I grinned at her. The truth was that I did miss her. It was a bond only she could provide, the intimacy between us that made me feel whole.

"It was very fun. We learned lots." I drunkenly replied, feeling buzzed from the alcohol and the conversation. "But one thing... guys talked about penis sizes."

Maria's eyes lit up immediately - it was her favorite topic. "What did they say?"

I told them my friends' numbers. Her reactions to their sizes were interesting, more so when I mentioned the smallest of the group. I felt a small pang of jealousy then. But Maria just grinned at me, her hand on mine as she leaned in for a kiss.

"Most of your friends are bigger than you now. You know that," She whispered with a hint of excitement.

"Yeah but..." I said, feeling unsure if this was a good thing or not.

"Why did you lie?" she whispered into my ear, "You could have been honest."

I hesitated, unsure what to say next. My friend's lies were still fresh and the idea of being more truthful felt uncomfortable. But Maria's hands slid down my pants, her fingers finding their way underneath.

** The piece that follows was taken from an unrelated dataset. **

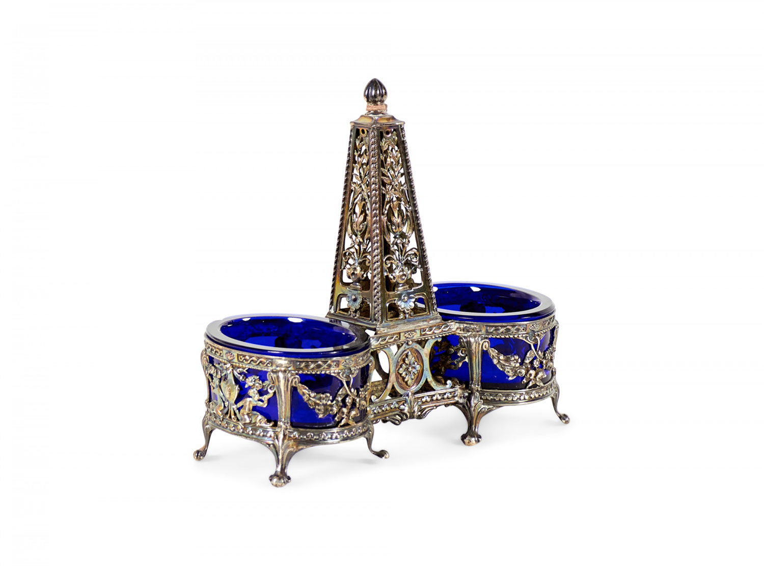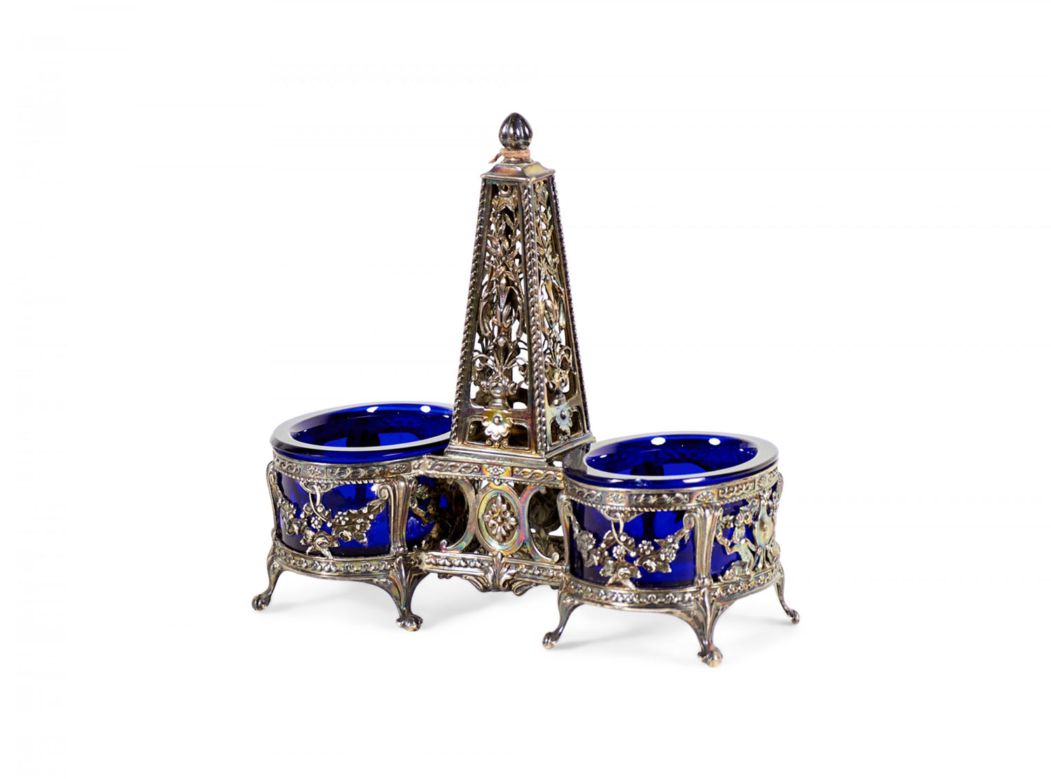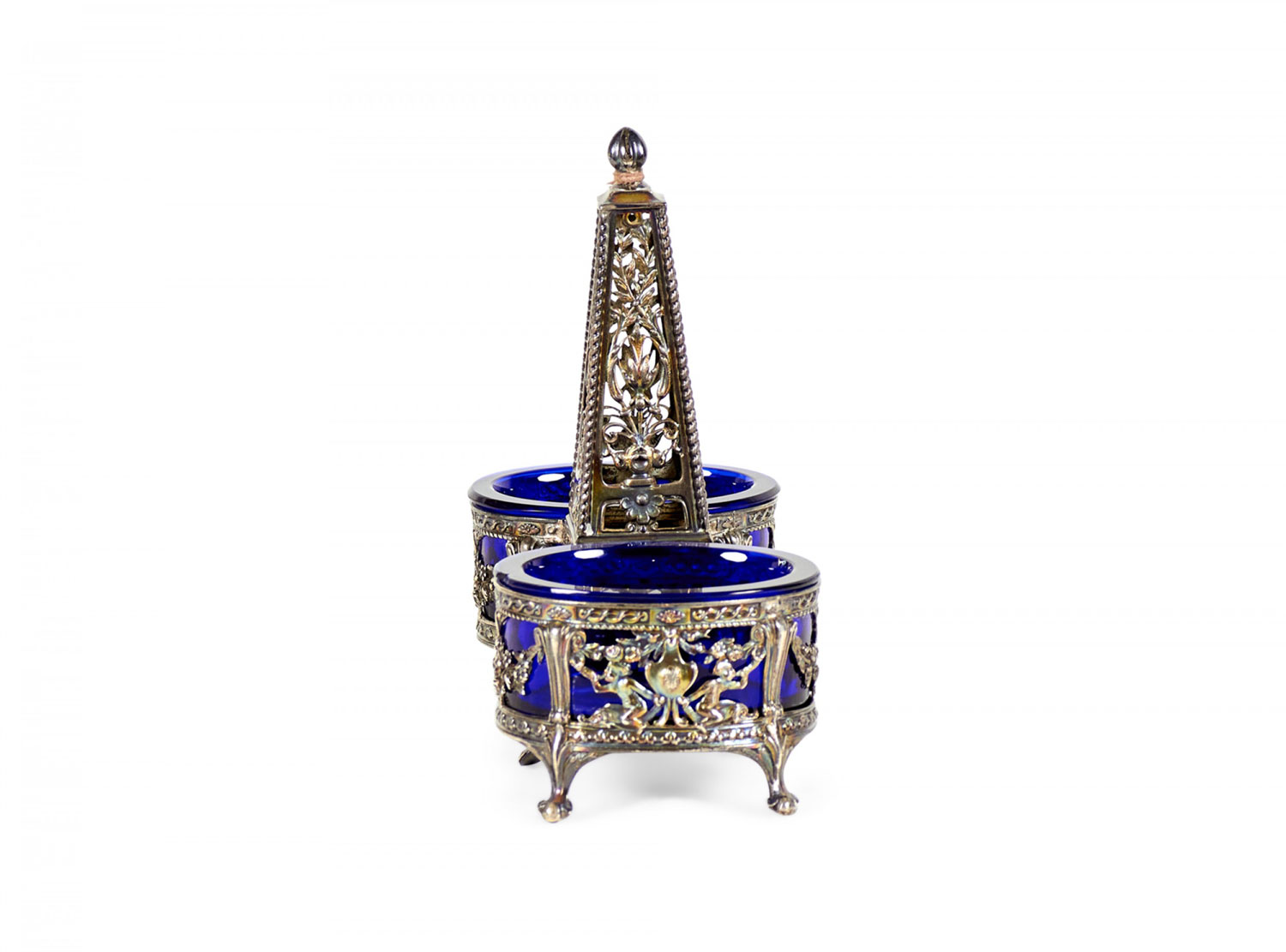English Victorian double sided salt cellar with obelisk center and 2 blue glass liners..

"You're not five point six anymore..." She whispered, stroking me gently as if measuring it with her touch. "Why did you lie to your friends?"

I was too drunk to come up with an answer. I wanted to please her, to be a good boyfriend, but the truth felt heavy on my tongue. And yet, she didn't let go until I spoke out loudly: "I don't know."

Maria smiled at me, her eyes bright and confident like never before. "Next time, you'll tell them your real size. You won't hide from them."

Kissing me, she led me to the bedroom, where she undressed me, taking my pants off as if it were the most natural thing in the world. However, my dick stayed flaccid. The alcohol made me unable to perform, but Maria wasn't bothered by it - ​in fact, some corner of my mind vaguely noted that she seemed fascinated with my lack of erection. She played with its foreskin, teasingly stroking it like a cat with a new toy. Usually such touches made me ready in seconds, but tonight I couldn't react. It appeared she was greatly enjoying covering and uncovering my glans without any intention of sex.